◆ WHAT TO PRODUCE
Restate the data word for word. Leave the pictures out.

◆ DATA EXTRACT
========

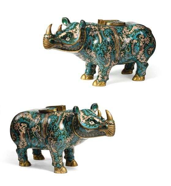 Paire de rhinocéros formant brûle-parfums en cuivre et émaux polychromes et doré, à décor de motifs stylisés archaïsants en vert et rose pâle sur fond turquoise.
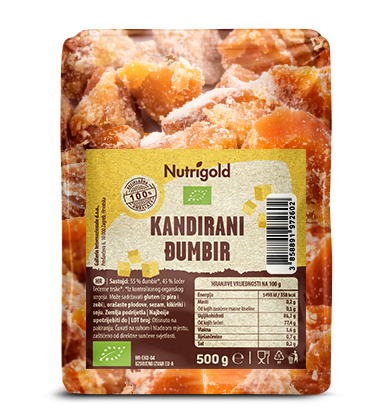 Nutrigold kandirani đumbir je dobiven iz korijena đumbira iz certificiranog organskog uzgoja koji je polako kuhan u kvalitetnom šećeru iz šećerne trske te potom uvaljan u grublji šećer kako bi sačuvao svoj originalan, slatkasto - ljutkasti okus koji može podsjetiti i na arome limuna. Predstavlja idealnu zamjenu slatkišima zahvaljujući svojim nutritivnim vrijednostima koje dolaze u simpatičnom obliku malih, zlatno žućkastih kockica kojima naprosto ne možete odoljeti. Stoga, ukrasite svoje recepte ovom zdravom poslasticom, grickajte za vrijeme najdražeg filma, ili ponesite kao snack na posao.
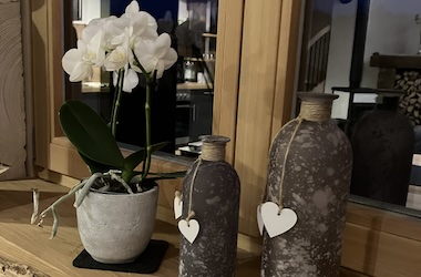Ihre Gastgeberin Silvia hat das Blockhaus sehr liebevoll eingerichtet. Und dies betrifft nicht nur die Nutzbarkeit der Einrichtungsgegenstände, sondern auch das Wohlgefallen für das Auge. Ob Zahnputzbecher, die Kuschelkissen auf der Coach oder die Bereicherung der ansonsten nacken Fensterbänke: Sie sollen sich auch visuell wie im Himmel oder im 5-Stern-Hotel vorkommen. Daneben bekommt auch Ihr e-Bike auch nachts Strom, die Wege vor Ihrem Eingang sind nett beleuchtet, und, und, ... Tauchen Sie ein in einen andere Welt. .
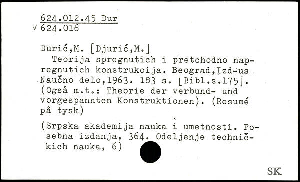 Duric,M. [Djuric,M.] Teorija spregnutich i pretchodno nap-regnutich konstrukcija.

========

◆ TASK RESPONSE
 Paire de rhinocéros formant brûle-parfums en cuivre et émaux polychromes et doré, à décor de motifs stylisés archaïsants en vert et rose pâle sur fond turquoise.
 Nutrigold kandirani đumbir je dobiven iz korijena đumbira iz certificiranog organskog uzgoja koji je polako kuhan u kvalitetnom šećeru iz šećerne trske te potom uvaljan u grublji šećer kako bi sačuvao svoj originalan, slatkasto - ljutkasti okus koji može podsjetiti i na arome limuna. Predstavlja idealnu zamjenu slatkišima zahvaljujući svojim nutritivnim vrijednostima koje dolaze u simpatičnom obliku malih, zlatno žućkastih kockica kojima naprosto ne možete odoljeti. Stoga, ukrasite svoje recepte ovom zdravom poslasticom, grickajte za vrijeme najdražeg filma, ili ponesite kao snack na posao.
Ihre Gastgeberin Silvia hat das Blockhaus sehr liebevoll eingerichtet. Und dies betrifft nicht nur die Nutzbarkeit der Einrichtungsgegenstände, sondern auch das Wohlgefallen für das Auge. Ob Zahnputzbecher, die Kuschelkissen auf der Coach oder die Bereicherung der ansonsten nacken Fensterbänke: Sie sollen sich auch visuell wie im Himmel oder im 5-Stern-Hotel vorkommen. Daneben bekommt auch Ihr e-Bike auch nachts Strom, die Wege vor Ihrem Eingang sind nett beleuchtet, und, und, ... Tauchen Sie ein in einen andere Welt. .
 Duric,M. [Djuric,M.] Teorija spregnutich i pretchodno nap-regnutich konstrukcija.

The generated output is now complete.